What to produce: Return nothing but the lines from the line with "За свой прокат" through the last line of the entries that follow, copied exactly and free of pictures.
##### Data provided
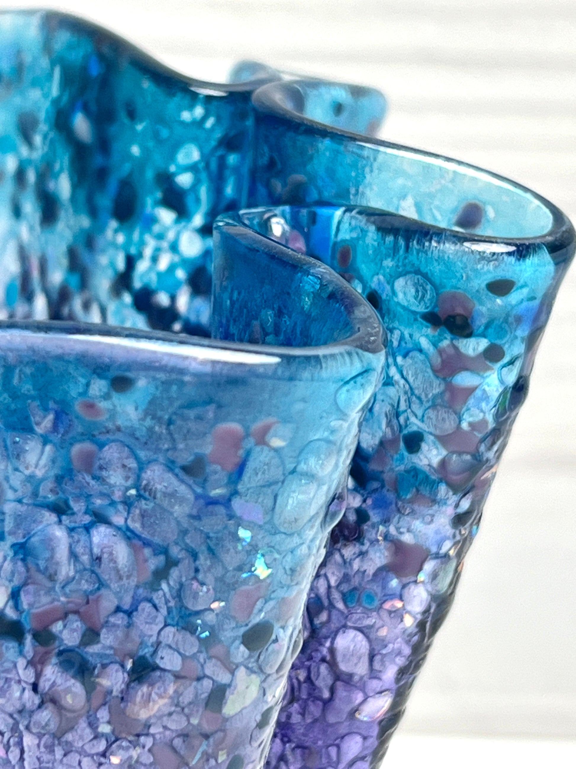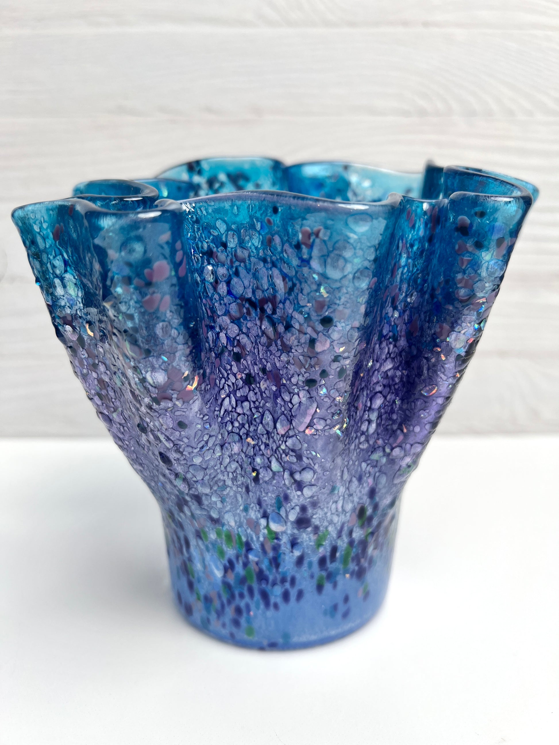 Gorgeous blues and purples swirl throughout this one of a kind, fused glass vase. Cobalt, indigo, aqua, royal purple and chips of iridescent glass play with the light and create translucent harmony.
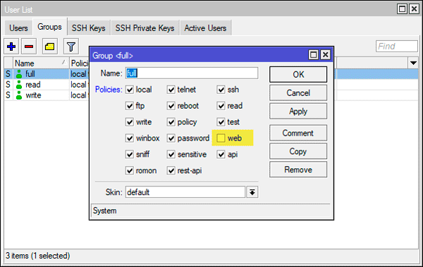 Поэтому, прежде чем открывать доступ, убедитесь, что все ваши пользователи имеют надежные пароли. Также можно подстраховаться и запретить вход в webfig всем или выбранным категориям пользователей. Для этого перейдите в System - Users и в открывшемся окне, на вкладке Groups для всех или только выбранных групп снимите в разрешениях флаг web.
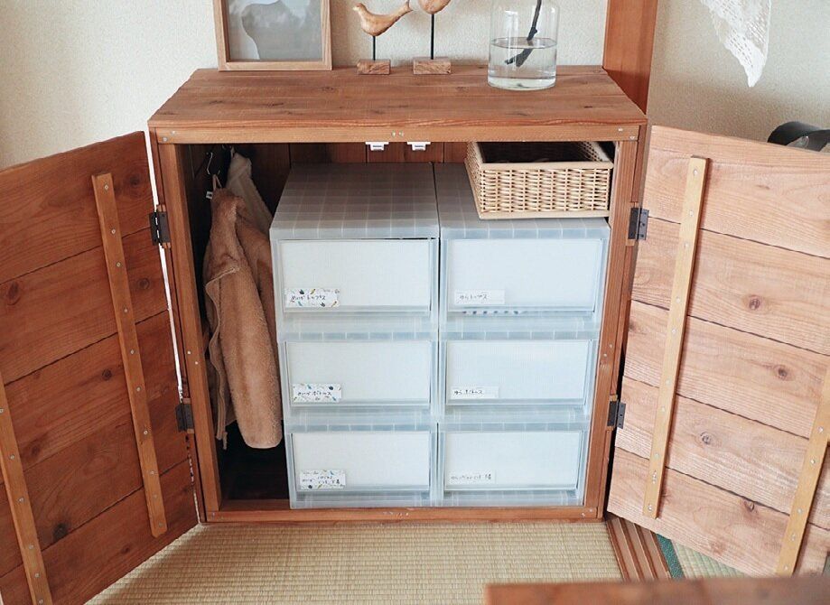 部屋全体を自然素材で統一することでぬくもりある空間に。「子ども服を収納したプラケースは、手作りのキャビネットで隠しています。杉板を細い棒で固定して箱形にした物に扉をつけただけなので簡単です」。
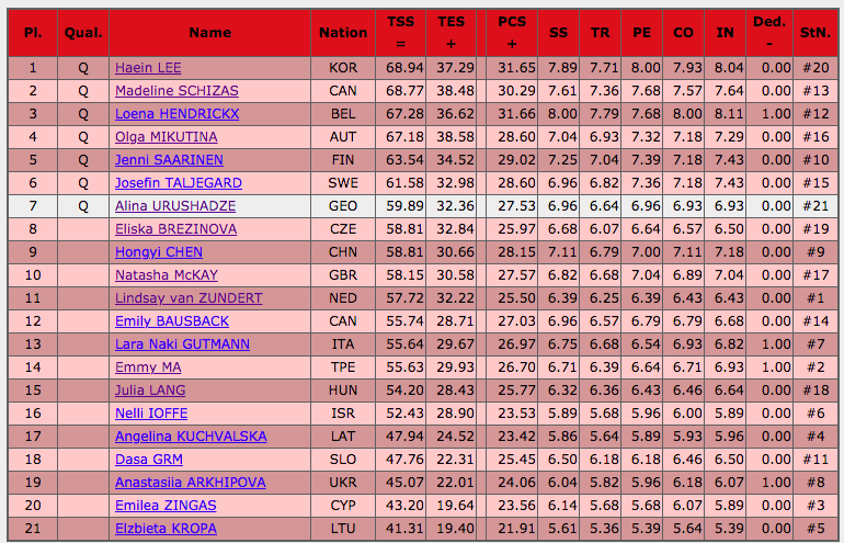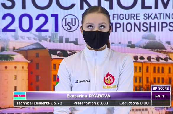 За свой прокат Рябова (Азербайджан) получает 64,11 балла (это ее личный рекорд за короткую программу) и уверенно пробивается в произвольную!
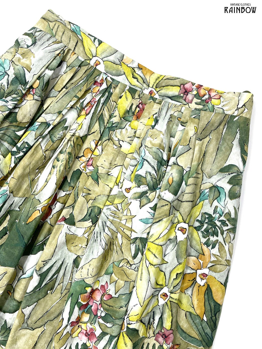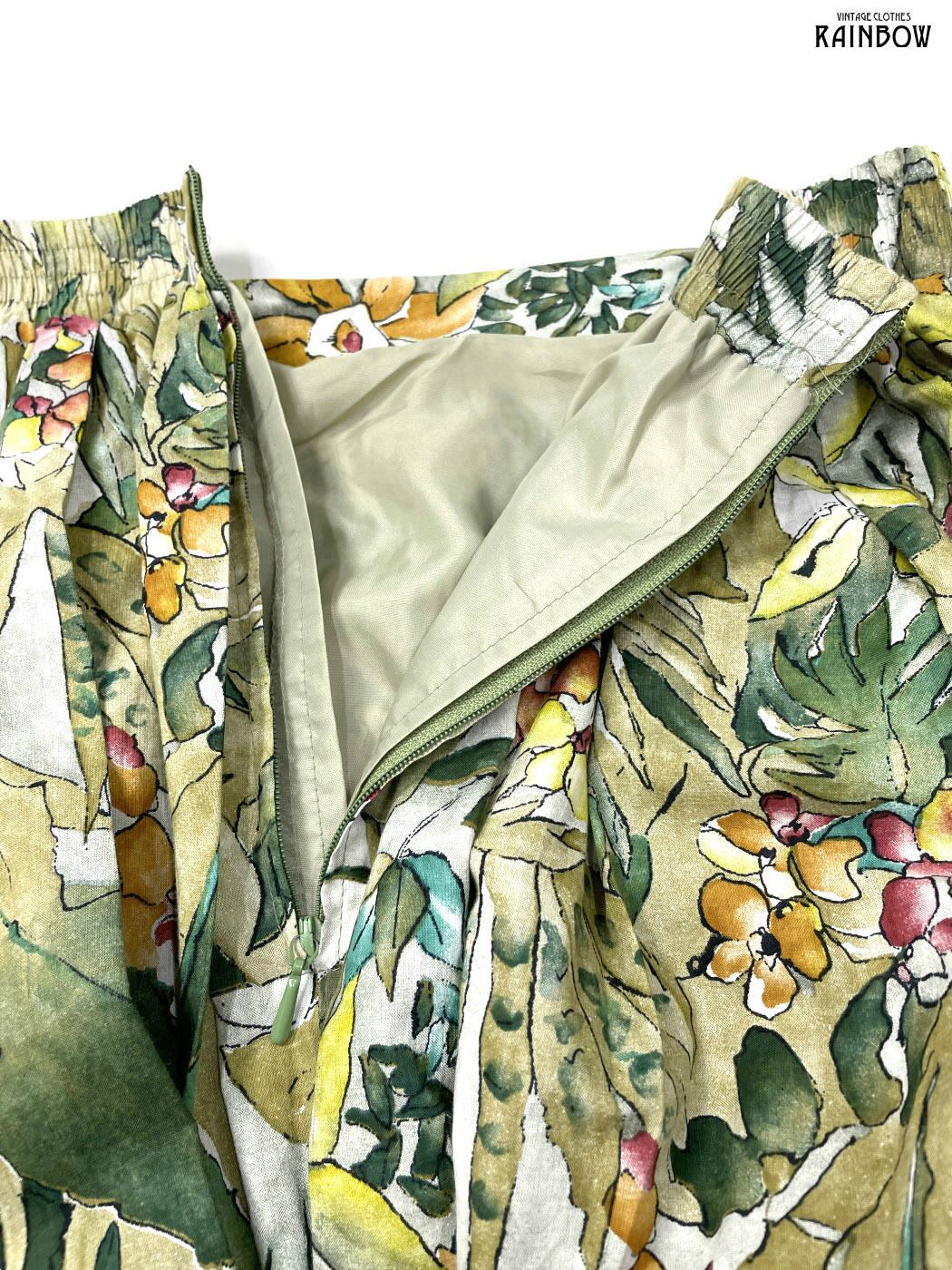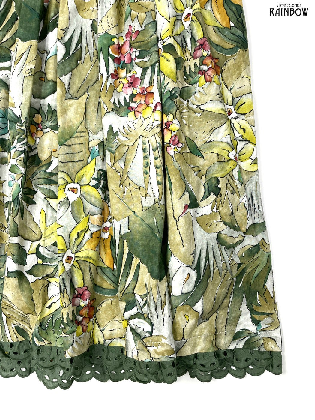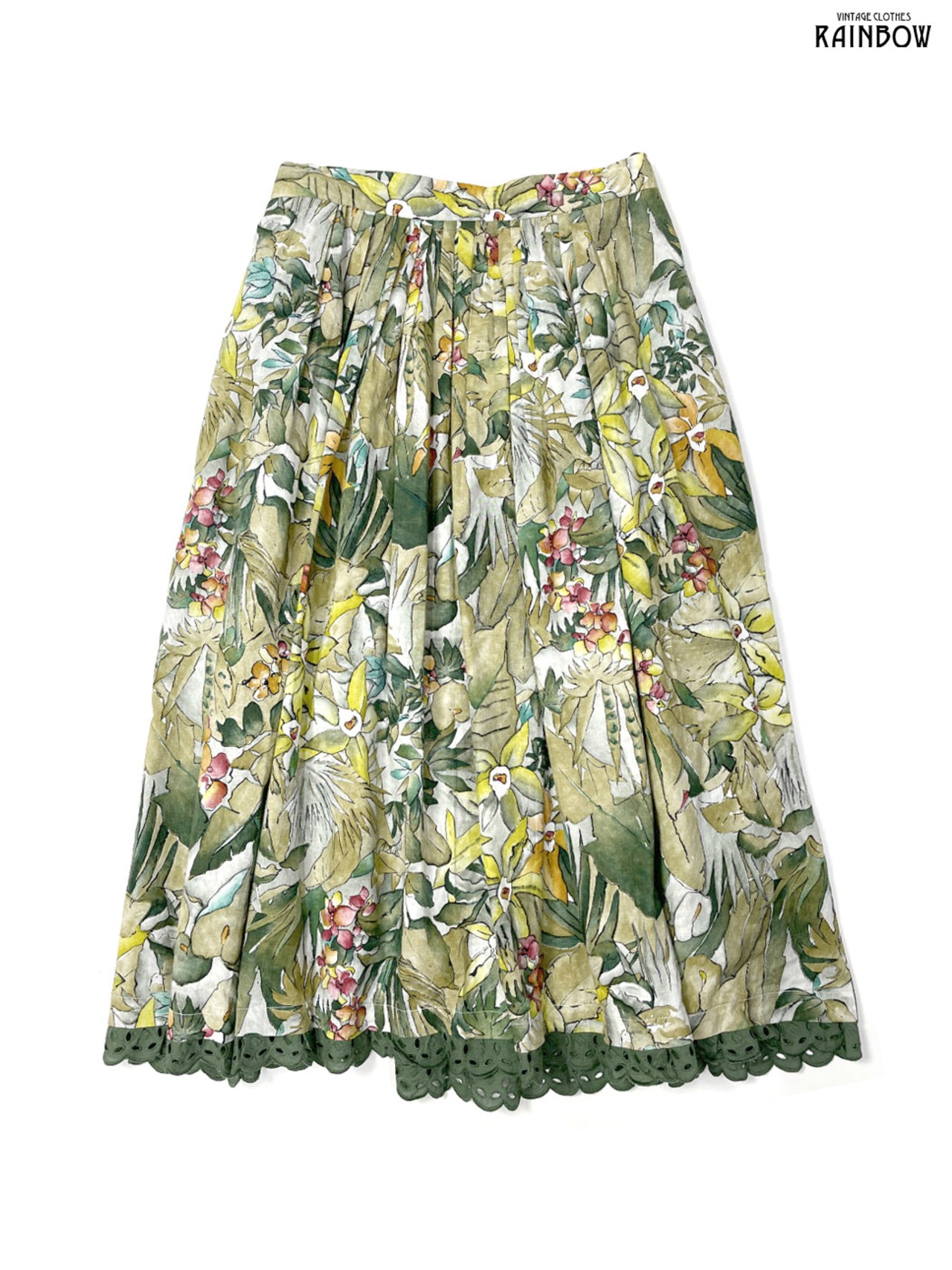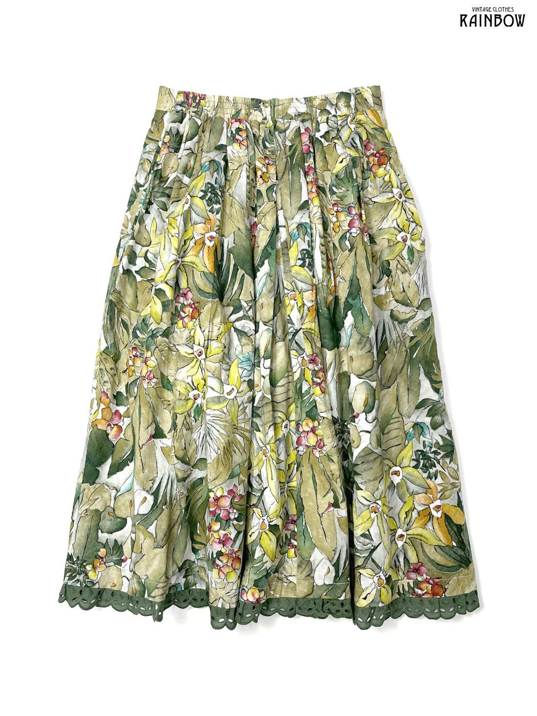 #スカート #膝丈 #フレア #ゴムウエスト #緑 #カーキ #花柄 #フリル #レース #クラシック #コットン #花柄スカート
##########
Response to this task:
 За свой прокат Рябова (Азербайджан) получает 64,11 балла (это ее личный рекорд за короткую программу) и уверенно пробивается в произвольную!
 #スカート #膝丈 #フレア #ゴムウエスト #緑 #カーキ #花柄 #フリル #レース #クラシック #コットン #花柄スカート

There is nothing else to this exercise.